Раз уж речь о матери заводилась довольно часто, хотя и не доводилась до конца, было решено – надо завершить, ведь не зря же она у Лукаса такая дотошная, такая высокая (и это гораздо больше, чем просто рост – это и фигура, ведь в голове при слове «высокая» сразу представится высокая и худая, так вот – в данном случае это было абсолютной правдой, она даже скорее не худая, она – тощая) и кудрявая – ведь не зря же эти блестящие локоны тряслись битый час, пока она, раскрасневшаяся от боли, вынашивающая своего первенца (а значит – тревожащаяся, ведь даже матери иногда – боятся, хотя, скорее лучше сказать, что матери иногда – не боятся, и боятся всё остальное время напролет) восемь месяцев, три недели, четыре дня (но это не значит что она рожала его в четверг, нет, мозг, не выдумывай! – это точно было в среду!), два часа и сорок шесть минут, ведь не зря же она держалась за эти потные руки медсестры, которые все соскальзывали вниз, ну не зря же она завершила тогда это дело до конца! Кто же знал, что родившийся на рассвете крошечный мальчуган, позже, ростом (значит и фигурой, но, только, конечно, без груди – если только он когда-нибудь не решит… ну, это уже не наше дело) и волосами станет точной копией матери, а вот характером… – Да, синьора Рубель (ласково – Руби) Баум – этим скверным, буйным, сумасбродным характером он пошел в его пузатого папашу! – Вы абсолютно правы, мадам, это действительно так.

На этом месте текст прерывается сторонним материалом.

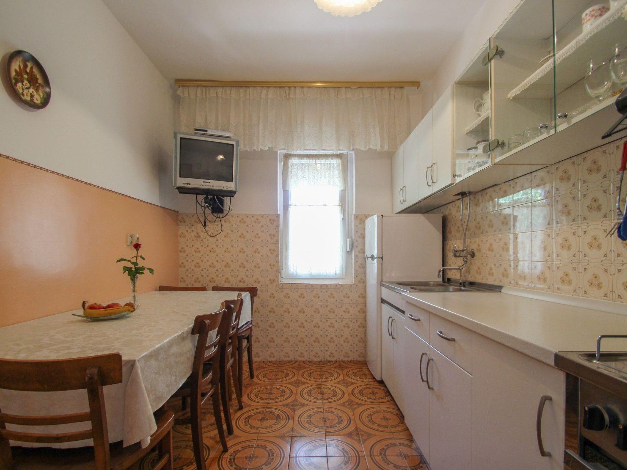 The apartment consists of three bedrooms, a kitchen with a dining room - equipped with basic amenities, a bathroom with a shower and toilet, an additional toilet, and a covered terrace with a table and chairs - ideal for outdoor gatherings.

Как же обидно, чёрт! Речь о женщинах, даже больше чем просто женщинах – матерях, всегда незаметно перетекает в их худощавых сыновей и толстяков отцов… Будто без них синьора Баум не заслуживала бы должного внимания! Я искренне раскаиваюсь перед тобой, читатель, и перед тобой, дорогая Руби – продолжаю писать!


Так вот, если уж говоря даже о жалкой бежевой свечке, мы толком не можем понять, что определит её – и если она всё же сгорит дотла, так не этот ли миг будет решающим? Что в таком случае мы можем сказать даже о собственной матери? Ведь она – даже если очень похожа на кучерявую свечку – не стоит в ожидании смерти. Она ходит на работу, убирает за младшими игрушки, меняет подгузники племяшке (ЛУКАС! ТЫ СНОВА ЗАБЫЛ ПОМЕНЯТЬ ПОДГУЗНИК РЕБЕКЕ?! НИКАКОЙ ПОМОЩИ В ЭТОМ ДОМЕ, ЕЙ БОГУ!)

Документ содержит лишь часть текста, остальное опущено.